(WORK TO COMPLETE) Every line of the data below is to be duplicated exactly, pictures excepted.

======== GIVEN ENTRIES ========

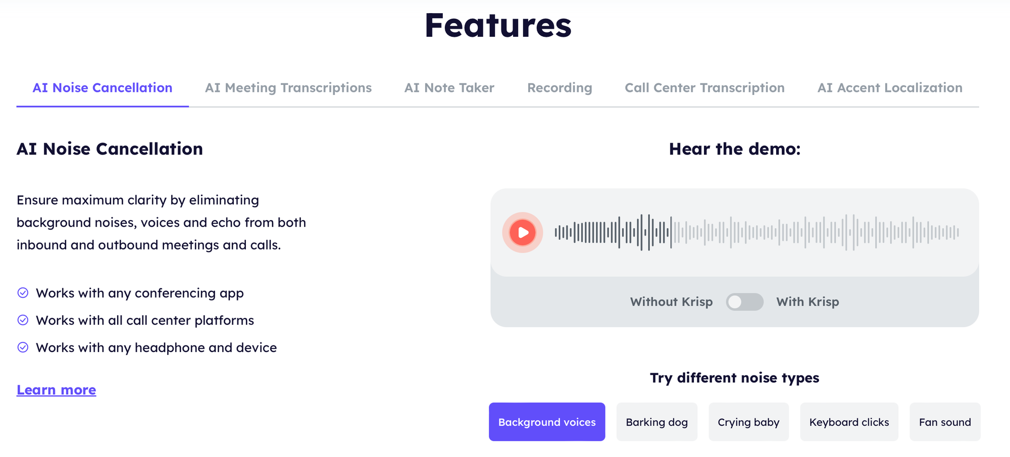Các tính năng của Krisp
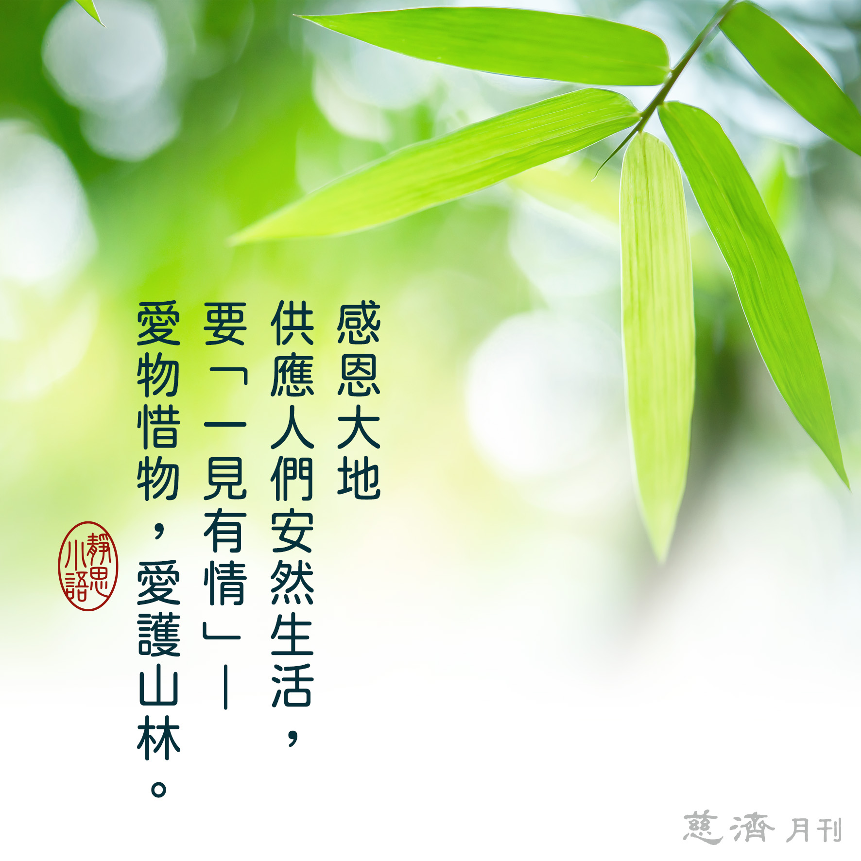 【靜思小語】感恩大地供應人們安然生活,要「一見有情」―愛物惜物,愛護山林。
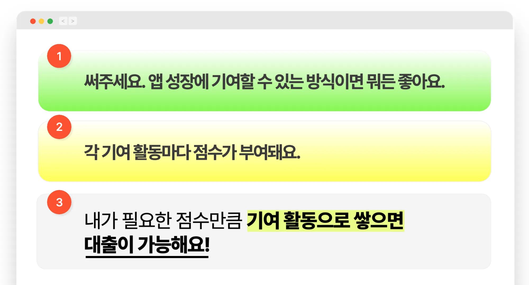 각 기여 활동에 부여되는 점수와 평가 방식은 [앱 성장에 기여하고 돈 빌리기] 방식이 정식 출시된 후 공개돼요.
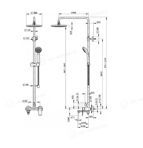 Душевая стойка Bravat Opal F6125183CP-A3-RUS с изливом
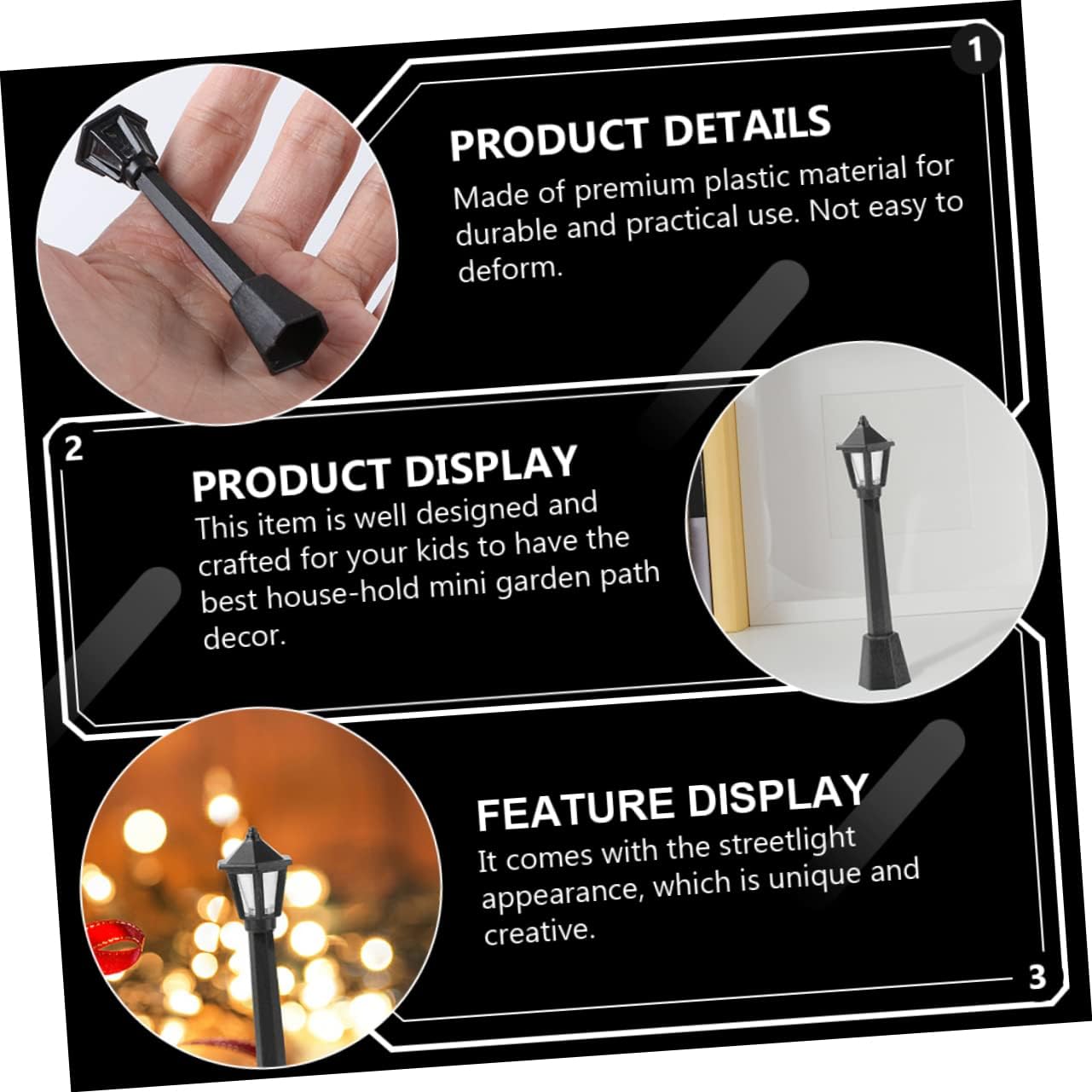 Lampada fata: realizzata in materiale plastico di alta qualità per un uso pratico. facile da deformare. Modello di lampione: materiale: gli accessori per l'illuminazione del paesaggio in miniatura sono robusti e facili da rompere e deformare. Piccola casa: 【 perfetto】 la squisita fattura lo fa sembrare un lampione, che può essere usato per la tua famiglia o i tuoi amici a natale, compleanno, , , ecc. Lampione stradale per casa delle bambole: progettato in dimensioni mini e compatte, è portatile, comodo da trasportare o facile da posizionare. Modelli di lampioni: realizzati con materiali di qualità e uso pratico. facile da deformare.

========

(RESPONSE BELOW)
Các tính năng của Krisp
 【靜思小語】感恩大地供應人們安然生活,要「一見有情」―愛物惜物,愛護山林。
 각 기여 활동에 부여되는 점수와 평가 방식은 [앱 성장에 기여하고 돈 빌리기] 방식이 정식 출시된 후 공개돼요.
 Душевая стойка Bravat Opal F6125183CP-A3-RUS с изливом
 Lampada fata: realizzata in materiale plastico di alta qualità per un uso pratico. facile da deformare. Modello di lampione: materiale: gli accessori per l'illuminazione del paesaggio in miniatura sono robusti e facili da rompere e deformare. Piccola casa: 【 perfetto】 la squisita fattura lo fa sembrare un lampione, che può essere usato per la tua famiglia o i tuoi amici a natale, compleanno, , , ecc. Lampione stradale per casa delle bambole: progettato in dimensioni mini e compatte, è portatile, comodo da trasportare o facile da posizionare. Modelli di lampioni: realizzati con materiali di qualità e uso pratico. facile da deformare.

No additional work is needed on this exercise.